Employees expect more from employers than ever before, so a traditional view of pay as the only factor in employee compensation is too narrow, limited and won’t meet your employees’ needs. To address these broader workforce demands, consider adopting a more comprehensive view of pay beyond salary. A total package perspective changes the company’s focus from trying to get salary “right” to trying to get the total package right, or at least making the decision to focus on certain attributes and offerings at the expense of others. It’s important to design a meaningful total rewards program with appropriate employee compensation and benefits. 

In this chart from Visier, the sample company shows pay has a strong effect on retention.

Read More: Ask Visier: How Can Total Rewards be Used More Effectively?


7. Are our salaries still competitive?

Even if your organization offers perfectly calibrated salaries to new hires, that doesn’t mean these won’t need to be adjusted some day. Over time, as hiring demands ebb and flow across different roles and departments within an organization, employee compensation ratios may begin to become unbalanced among teams, genders, levels, and geography. Trends of employee compensation, (especially pay) are more important in today’s market as employers continue to struggle to find and replace top talent. 

Visier can show not just compa ratios now, but how they’ve changed over time.

Read More: Ask Visier: How Has Employee Pay Changed Over Time?


8. Do we pay fairly based on gender, age, and race?

While there are laws in place to prohibit pay discrimination on the basis of gender, age, and race, many employers still struggle to achieve pay equity between groups. Compensation data is tightly guarded and often doesn’t get released to others in the company without C-suite approval. But if you don’t have information about how much every employee is earning, and access to data about the different demographics that make up your workforce, it’s nearly impossible to take action and ensure that consistent compensation policies are in place. You need to compare what different groups make in the same role, department, and years of experience, as well as factors, such as pay ranges for employees distributed across different locations.

Visier can break down average salary by ethnicity. 

Read More: Ask Visier: How Do You Determine if Your Organization Pays Equitably?


9. How much does it cost to replace people who quit?

When an employee leaves your organization, you usually need to replace them, which can cost up to twice the employee’s salary. This number factors in the costs of interviewing and onboarding costs, and for some roles, the cost of overtime, contractors or agencies to pick up the work for the person who left while you search for their replacement. There may even be opportunity costs associated with employees that leave the organization.  For example, sales that didn’t happen as a result of a vacancy or an important bit of information from a seasoned employee didn’t get shared with junior staff, which could have helped them efficiently complete a task. Lastly, don’t forget the indirect impacts of turnover, like a negative hit to company morale if high turnover rates are a new issue, or turnover contagion, which happens when people quit their jobs simply because other people are talking about leaving.

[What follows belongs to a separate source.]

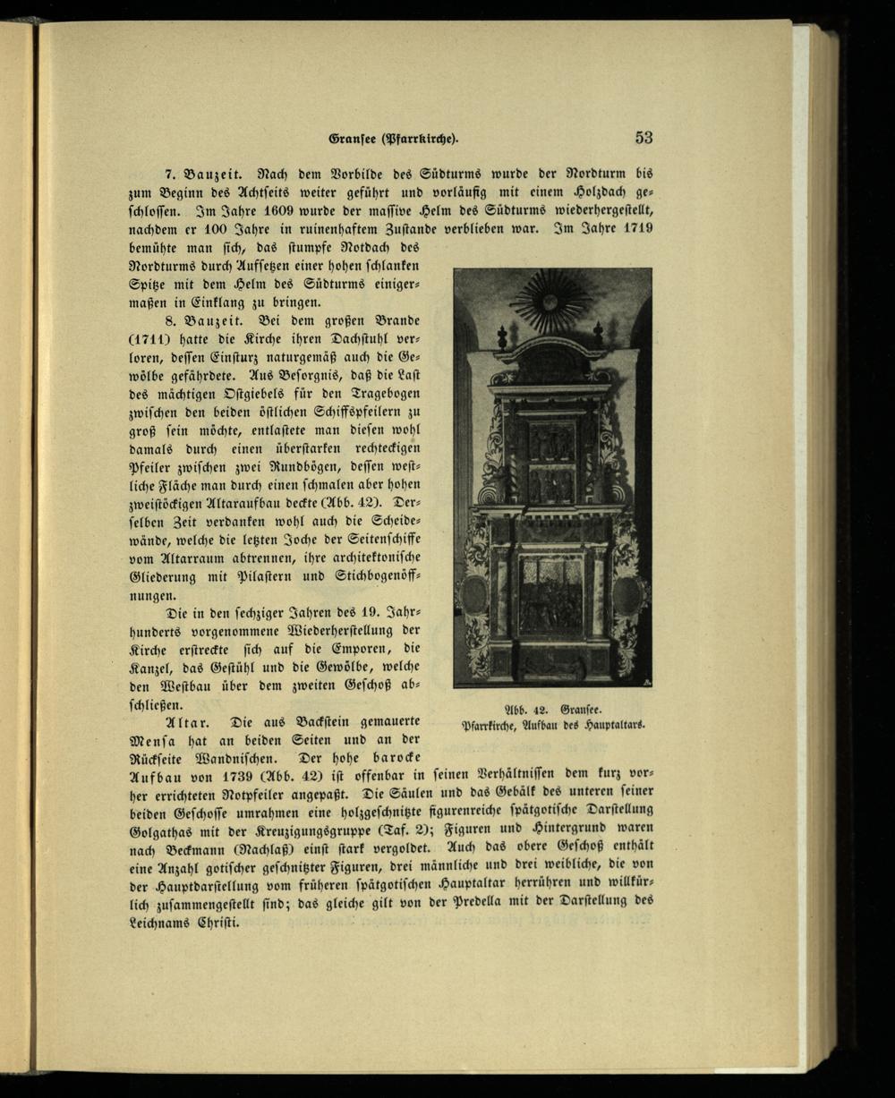 ſchloſſen. Im Jahre 1609 wurde der maſſive Helm des Südturms wiederhergeſtellt, nachdem er 100 Jahre in ruinenhaftem Zuſtande verblieben war. Im Jahre 1719 bemühte man ſich, das ſtumpfe Notdach des Nordturms durch Aufſetzen einer hohen ſchlanken Spitze mit dem Helm des Südturms einigermaßen in Einklang zu bringen. 8. Bauzeit. Bei dem großen Brande (1711) hatte die Kirche ihren Dachſtuhl verloren, deſſen Einſturz naturgemäß auch die Gewölbe gefährdete. Aus Beſorgnis, daß die Laſt des mächtigen Oſtgiebels für den Tragebogen zwiſchen den beiden öſtlichen Schiffspfeilern zu groß ſein möchte, entlaſtete man dieſen wohl damals durch einen überſtarken rechteckigen Pfeiler zwiſchen zwei Rundbögen, deſſen weſt— liche Fläche man durch einen ſchmalen aber hohen zweiſtöckigen Altaraufbau deckte(Abb. 42). Derſelben Zeit verdanken wohl auch die Scheide wände, welche die letzten Joche der Seitenſchiffe vom Altarraum abtrennen, ihre architektoniſche Gliederung mit Pilaſtern und Stichbogenöff— nungen. Die in den ſechziger Jahren des 19. Jahrhunderts vorgenommene Wiederherſtellung der Kirche erſtreckte ſich auf die Emporen, die Kanzel, das Geſtühl und die Gewölbe, welche den Weſtbau über dem zweiten Geſchoß ab— ſchlie ßen. ⸗. Abb. 42. Granſee. Altar. Die aus Backſtein gemauerte Pfarrkirche, Aufbau des Hauptaltars. Menſa hat an beiden Seiten und an der Rückſeite Wandniſchen. Der hohe barocke Aufbau von 1739(Abb. 42) iſt offenbar in ſeinen Verhältniſſen dem kurz vorher errichteten Notpfeiler angepaßt. Die Säulen und das Gebälk des unteren ſeiner beiden Geſchoſſe umrahmen eine holzgeſchnitzte figurenreiche ſpätgotiſche Darſtellung Golgathas mit der Kreuzigungsgruppe(Taf. 2); Figuren und Hintergrund waren nach Beckmann(Nachlaß) einſt ſtark vergoldet. Auch das obere Geſchoß enthält eine Anzahl gotiſcher geſchnitzter Figuren, drei männliche und drei weibliche, die von der Hauptdarſtellung vom früheren ſpätgotiſchen Hauptaltar herrühren und willkürlich zuſammengeſtellt ſind; das gleiche gilt von der Predella mit der Darſtellung des Leichnams Chriſti.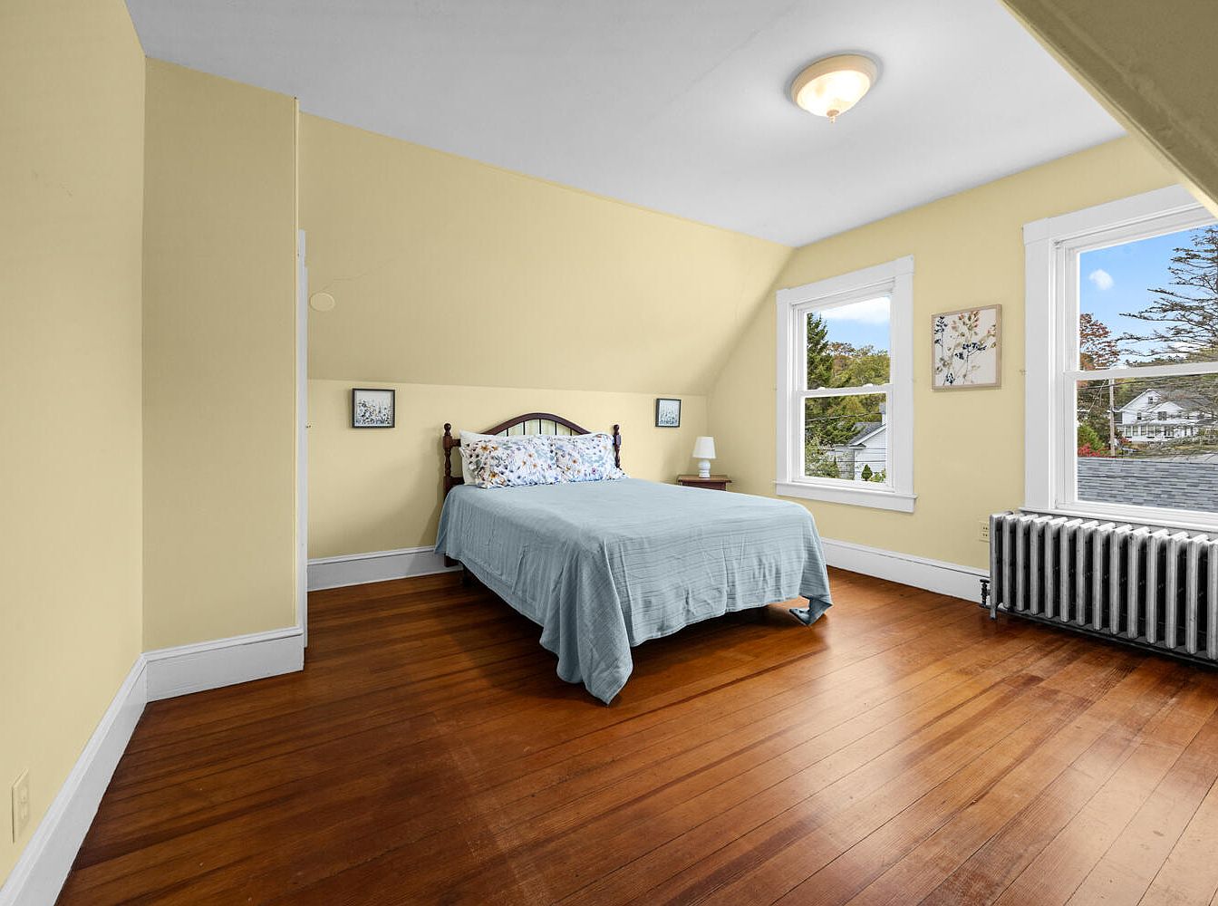 This cozy bedroom features a soft yellow color scheme that fosters warmth and comfort. The hardwood floors display a rich, deep hue, contrasting beautifully with the pale walls. A double bed, covered in a light blue bedspread, sits centrally positioned, flanked by small windows that invite natural light, highlighting the decorative pillows with floral accents. A bedside lamp rests on a wooden table, providing additional illumination. Completing the room is a vintage radiator against the wall, adding character. Subtle artwork enhances the space, balancing functionality with a welcoming aesthetic, ideal for relaxation.

Visier can show you estimated costs of replacing an employee as well as metrics about who’s leaving and why.

Ask Visier: How Much Does it Cost to Replace an Employee?


People are the lifeblood of every company, and with so many people moving jobs or quitting the workforce altogether, it’s easy to make knee-jerk reactions. Take a step back to see the big picture and see how these rehiring needs fit into the broader context of what’s going on in your organization. Sound data analysis at every step of the journey will ensure you don’t just make good hires that truly fit your company’s needs, but that you keep your best people happy and productive.